Supreme Court blocks $6 billion opioid settlement that would have given the Sackler family immunity

The Supreme Court on Thursday blocked Purdue Pharma from going forward with bankruptcy proceedings, which the Biden administration has called an “unprecedented” arrangement that would ultimately offer the Sackler family broad protection from opioid-related civil claims.
In agreeing to pause the settlement, the court also said it would take up the case and hear arguments this December.
The case arose after the reorganization in bankruptcy of OxyContin manufacturer Purdue Pharma – stemming from litigation arising from claims over its role in fueling the opioid addiction crisis.
Until recently, Purdue was controlled by the Sackler family, who withdrew billions of dollars from the company before it filed for bankruptcy. The family has now agreed to contribute up to $6 billion to Purdue’s reorganization fund on the condition that the Sacklers receive a release from civil liability.
“We are confident in the legality of our nearly universally supported Plan of Reorganization, and optimistic that the Supreme Court will agree,” Purdue Pharma said in a statement.
“Even so, we are disappointed that the US Trustee, despite having no concrete interest in the outcome of this process, has been able to single-handedly delay billions of dollars in value that should be put to use for victim compensation, opioid crisis abatement for communities across the country, and overdose rescue medicines,” the company said.
The government, representing the US Trustee, has called the plan “exceptional and unprecedented” in court papers, noting that lower courts have divided on when parties can be released from liability for actions that caused societal harm.
“The plan’s release ‘absolutely, unconditionally, irrevocably, fully, finally, forever and permanently releases’ the Sacklers from every conceivable type of opioid-related civil claim – even claims based on fraud and other forms of willful misconduct that could not be discharged if the Sacklers filed for bankruptcy in their individual capacities,” Solicitor General Elizabeth Prelogar argued in court papers.
Prelogar said that the release of the Sacklers is not authorized by the bankruptcy code and constitutes an “abuse of the bankruptcy system.”
The settlement between the Sacklers and eight states, as well as the District of Columbia, was initially agreed upon in March. Among those states is Ohio, whose attorney general said Thursday that he was disappointed that the justices paused the settlement and agreed to hear the case.
“We wanted the settlement to move forward,” Attorney General Dave Yost told CNN’s Jake Tapper on “The Lead.” “It’s so important to get this money flowing. It’s been – since 2019 – that this bankruptcy proceeding has been going on. I guess the best thing I can say about today’s decision to hear the case is at least they set it for December.”
Gregory Garre, a lawyer for Purdue Pharma, told the justices that a stay application was unnecessary. He noted that the government planned to ask the Supreme Court to take up the case on its own by August 28 and that there is “zero risk that the plan could be substantially consummated before this Court acts” on the request for the justices to take the case.

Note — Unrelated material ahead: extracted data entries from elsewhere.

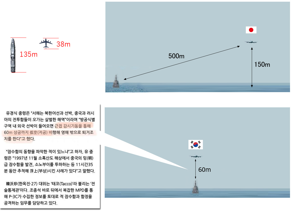《韓国海軍は、P-1哨戒機とほぼ同様の運用をしているP-3哨戒機を保有していますが、韓国メディア「月刊朝鮮」の記者が2013年7月10日にこのP-3へ搭乗取材した記事によると、「目視識別のために高度を100mまで下げた」「外国の艦艇監視のため高度60mで接近飛行する」とあり、韓国海軍の哨戒機部隊自身が外国の艦艇に対して、今回の事件におけるP-1よりもはるかに低い高度を飛んでいることが分かります。》
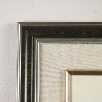 Litografia a colori. In basso a destra la firma a matita, a sinistra il numero di serie 72/110 e il timbro a secco dello Stampatore Alberto Caprini; al centro il titolo. Il grande maestro iniziatore dell'arte Metafisica, dipinse numerosissimi autoritratti, a raffigurarlo in diverse fasi ed età della vita, in costumi differenti e sfondi diversi, che testimoniano anche delle diverse fasi pittoriche che l'artista attraversò. Questo autoritratto, che lo vede proporsi ironicamente in veste di gentiluomo del XVII secolo, appartiene al periodo della tarda età in cui si riavvicinò alla pittura classica e al realismo d'effetto secentesco. L'opera è presentata in cornice.
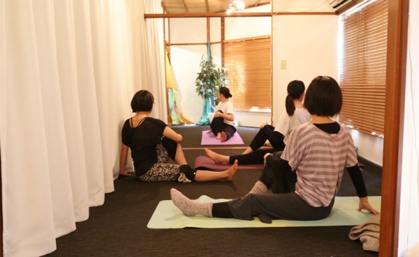 ふだんは3つの施術ルームなのですが、土・日の午前中は仕切りをすべて取り払い、ヨガを行っているのだそう。
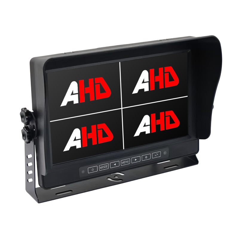 Vedúci10,1-palcový IP69K vodotesný 4-kanálový AHD vstup Dotykové tlačidlá so štyrmi displejmi Monitor vozidlaje vysokovýkonný a odolný 10,1-palcový vodotesný monitor určený na spoľahlivé viackanálové video monitorovanie v náročných prostrediach. Tento monitor, skonštruovaný z komponentov priemyselnej kvality a vybavený quad AHD vstupným systémom, poskytuje jasný, stabilný obraz a všestrannú konektivitu pre nákladné autá, autobusy, vysokozdvižné vozíky, poľnohospodárske vozidlá, stavebné vozidlá a iné vozidlá, ktoré si vyžadujú vonkajšie použitie.
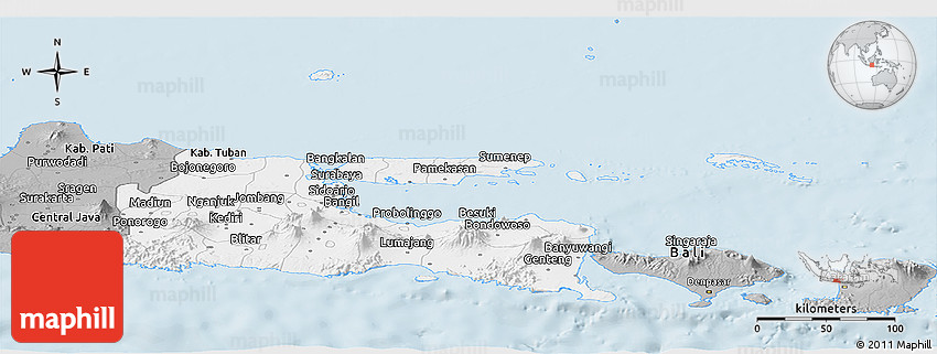 Embed the above gray panoramic map of East Java into your website. Enrich your blog with quality map graphics. Make the web a more beautiful place.
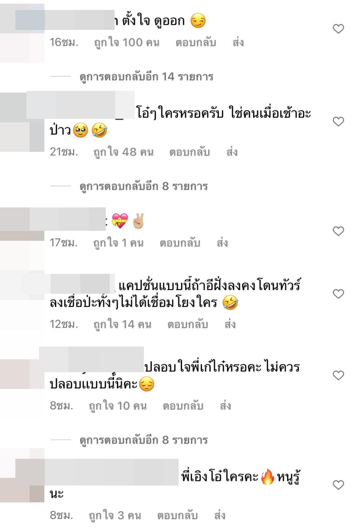 จนทำให้มีชาวเน็ตเข้ามาคอมเมนต์ถามและบางคอมเมนต์ก็ตำหนิ อุงเอิง ว่า "โอ๋ๆ ใครเหรอครับ ใช่คนเมื่อเช้าอะป่าว, ปลอบใจพี่เก๋เหรอคะ ไม่ควรปลอบแบบนี้นิคะ, พี่เอิงโอ๋ใครคะ หนูรู้นะ, ตั้งใจ ดูออก, บังเอิญได้ตรงเวลาแบบนี้แหละถึงดราม่าไม่จบ, แคปชั่นมีเยอะแยะ พี่เอิง,
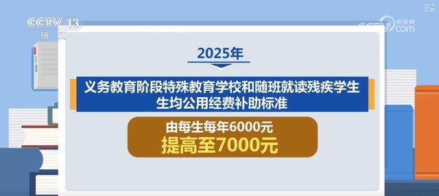 2025年8月,财政部提出进一步加大对特殊教育学校支持保障力度。继续安排特殊教育补助资金5亿元,支持地方持续改善特殊教育学校办学条件。2025年,义务教育阶段特殊教育学校和随班就读残疾学生生均公用经费补助标准由每生每年6000元提高至7000元,惠及约91万残疾学生。
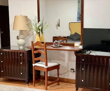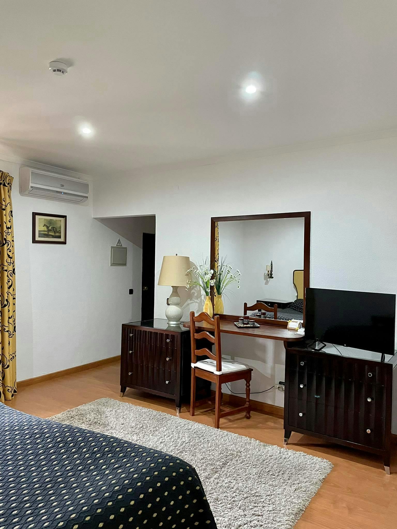 Equipada com TV por cabo e TV de ecrã plano, vem com Wi-Fi gratuito, ar condicionado e um pequeno roupeiro. Com uma área de estar e um pequeno local de trabalho, os hóspedes encontrarão o quarto ideal tanto para trabalho como para o lazer.
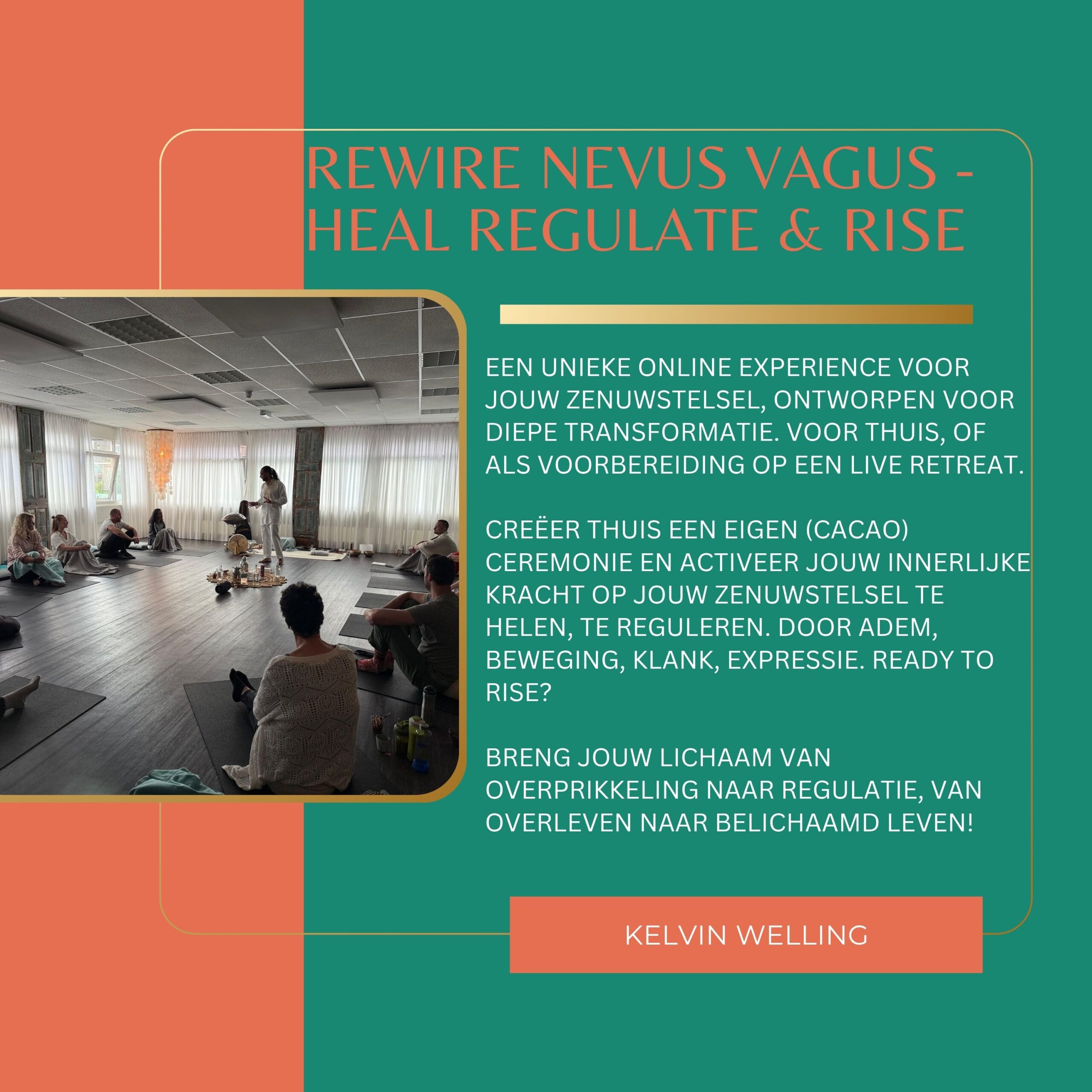 €147(incl. BTW)0( 0 reviews )2REWIRE – Heal Regulate & Rise Een unieke online experience voor jouw zenuwstelsel, ontworpen voor diepe transformatie. Voor thuis, of als voorbereiding op een live retreat. Creëer thuis een eigen (cacao)ceremonie en activeer jouw innerlijke kracht op jouw zenuwstelsel te helen, te reguleren. Door adem, beweging, klank, expressie. Ready to Rise? Breng jouw lichaam van overprikkeling naar regulatie, van overleven naar belichaamd leven!
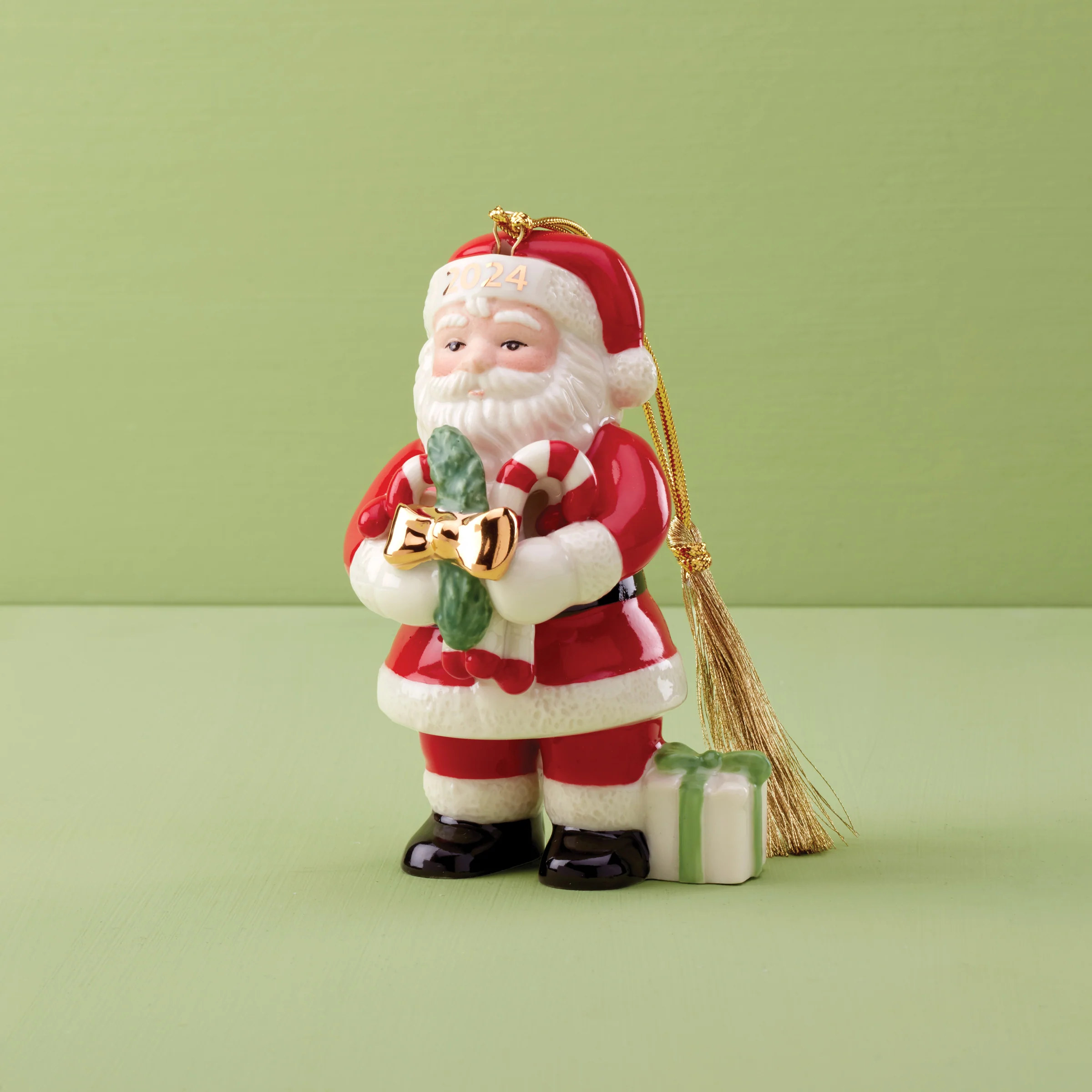 2024 Santa With Pickle & Candy Cane Ornament
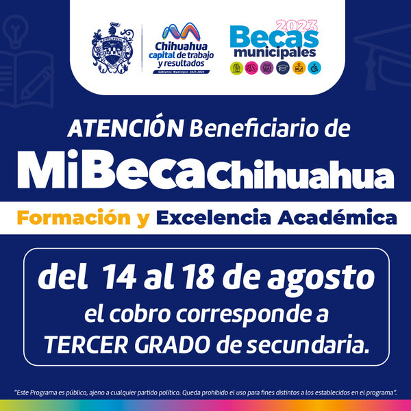 El alcalde Marco Bonilla considera esencial que los niños y jóvenes de Chihuahua Capital sigan estudiando. Por esta razón, la Dirección de Desarrollo Humano y Educación invita a los estudiantes de tercer grado de secundaria que son beneficiarios del programa «Mi Beca Chihuahua Formación y Excelencia 2023» a que cobren su beca del 14 al 18 de agosto.
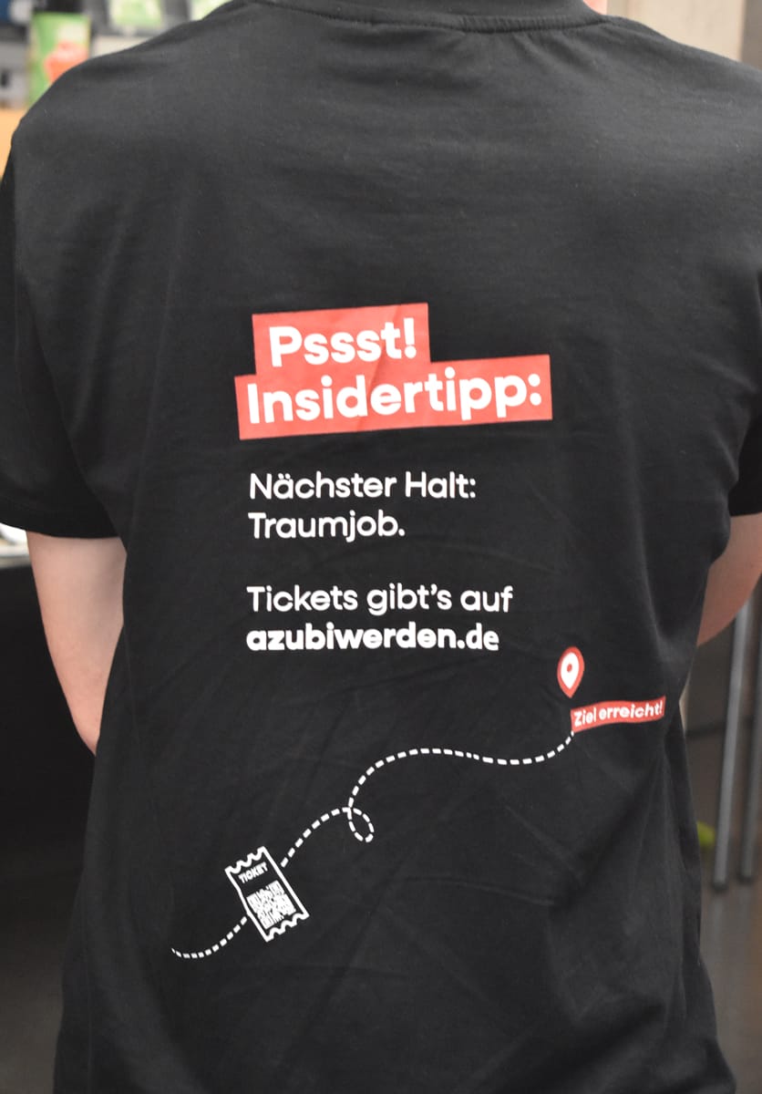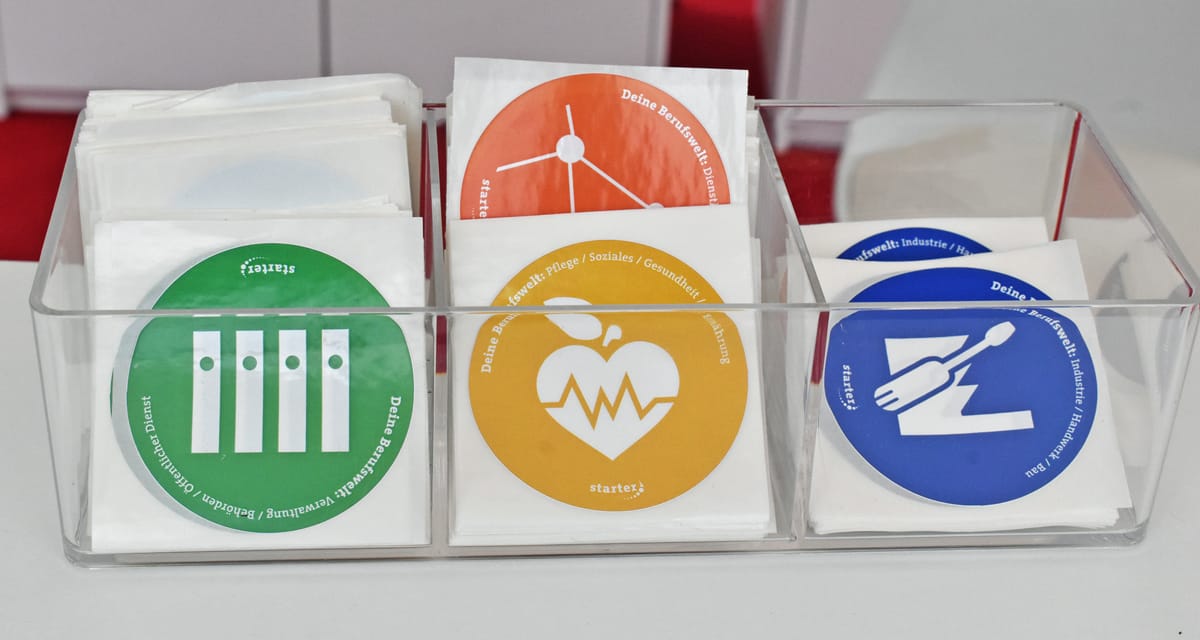 Die Organisatoren stellten verschiedenfarbige Buttons bereit. Mit ihnen können die Jugendlichen signalisieren, für welches Berufsfeld sie eich am meisten interessieren. Und wer sich noch ganz unsicher war, hatte eben mehrere Buttons auf dem T-Shirt.
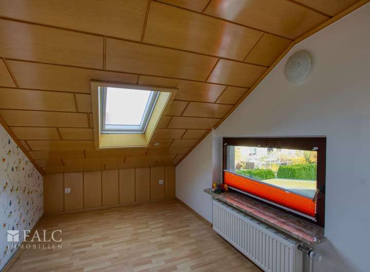 Über eine stilvolle Ahornholz-Treppe erreichen Sie das Obergeschoss. Vom Treppenflur aus verteilen sich drei Zimmer sowie ein hell gefliestes Duschbad mit Tageslicht. Ein weiteres Highlight ist der ausgebaute Dachboden, zugänglich über eine Raumspartreppe in einem der Zimmer – ideal als Kinder- oder Jugendzimmer, Homeoffice oder Hobbyraum.
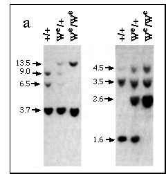 In mouse fetuses homozygous for mutations at the dominant white spotting (W) locus, testes form normally despite a lack of germ cells12-14. If Sry is to be considered a candidate for Tdy, it ought to be expressed in We/ We as well as in wild-type genital ridges. We were able to identify embryos homozygous for the We allele15 by virtue of a restriction fragment length polymorphism detected using a probe for c-kit16,17 (Fig. 3a). In PCR analyses of Sry expression in genital ridge at 11.5 d.p.c., We/We fetuses proved indistinguishable from wild type (Fig. 3b).
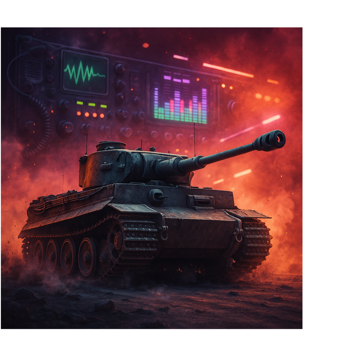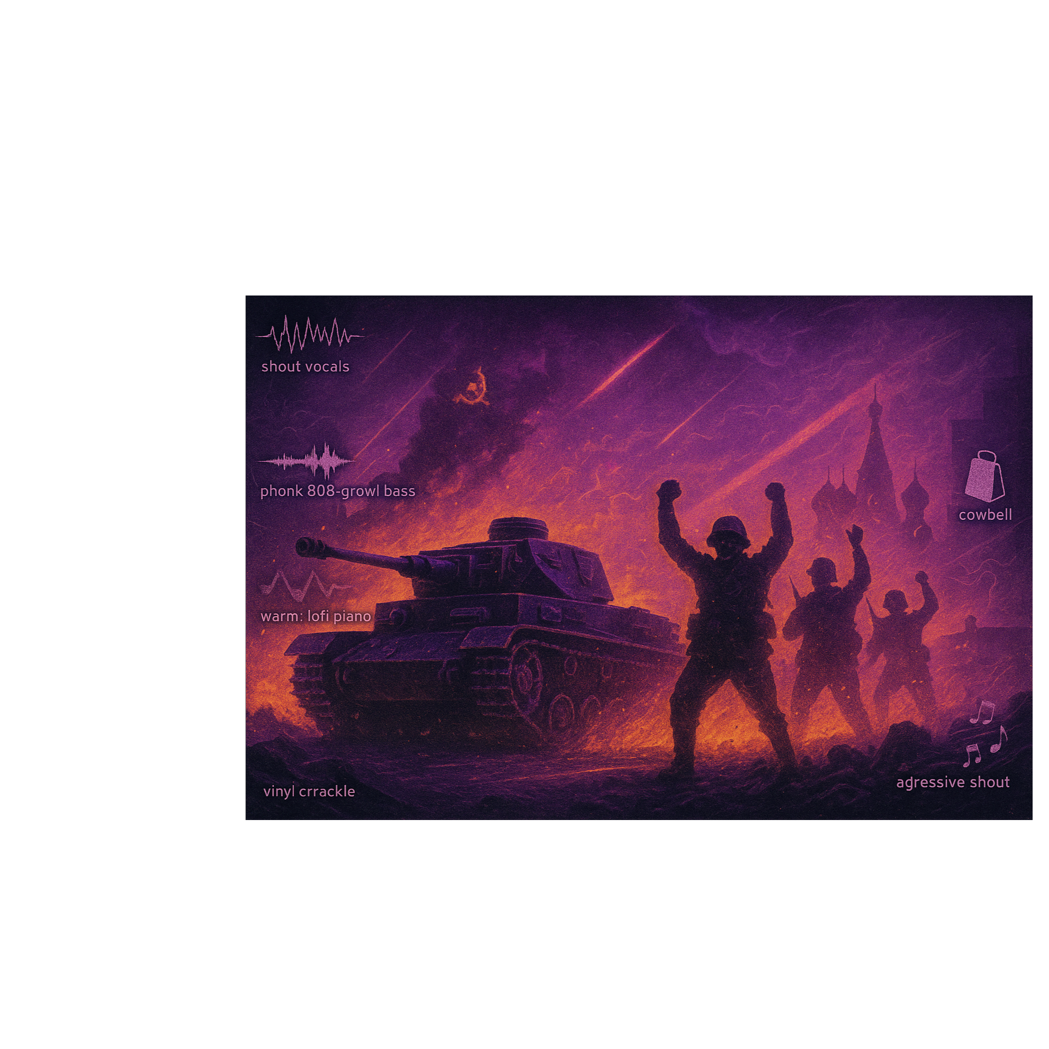 Melodic Lo-Fi Phonk × Russian Hardbass × Gabber hybrid, 160 BPM; massive, rolling “German Panzer” energy – heavy distorted kick + phonk 808 growl bass that pushes forward like steel treads, Off-beat cowbells, metallic claps, and slow-swing hats, Melodic Lo-Fi pads and sad piano motifs under brutal gabber lead – contrast of beauty and power, Arrangement: cinematic intro → slow build → rolling drop → short ambient break → final panzer drop with melodic hook, Use radio chatter FX and tank engine rumble for texture, Vocals in Russian chant-style, rhythmic and commanding, Focus: unstoppable momentum + melodic rage
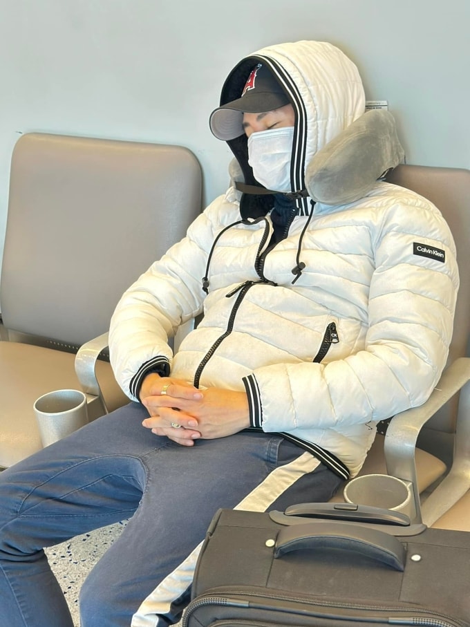 Phùng Ngọc Huy ngủ ở sân bay khi chạy show

“That is all the Court needs to know to deny the Trustee’s stay application,” Garre said. He said, for example, that the plan must be “updated and re-approved by the bankruptcy court to reflect the most recent settlement terms.”
After a New York appeals court approved the settlement, Purdue released a statement calling it a “victory for Purdue’s creditors, including all 50 states, local governments and victims who overwhelmingly support the Plan of reorganization.”
“Our creditors understand the Plan is the best option to provide assistance to those who need it most, the most fair and expeditious way to resolve the litigation, and the only way to deliver billions of dollars in value specifically to fund opioid crisis abatement efforts,” Steve Miller, the chairman of Purdue Pharma’s board of directors, said.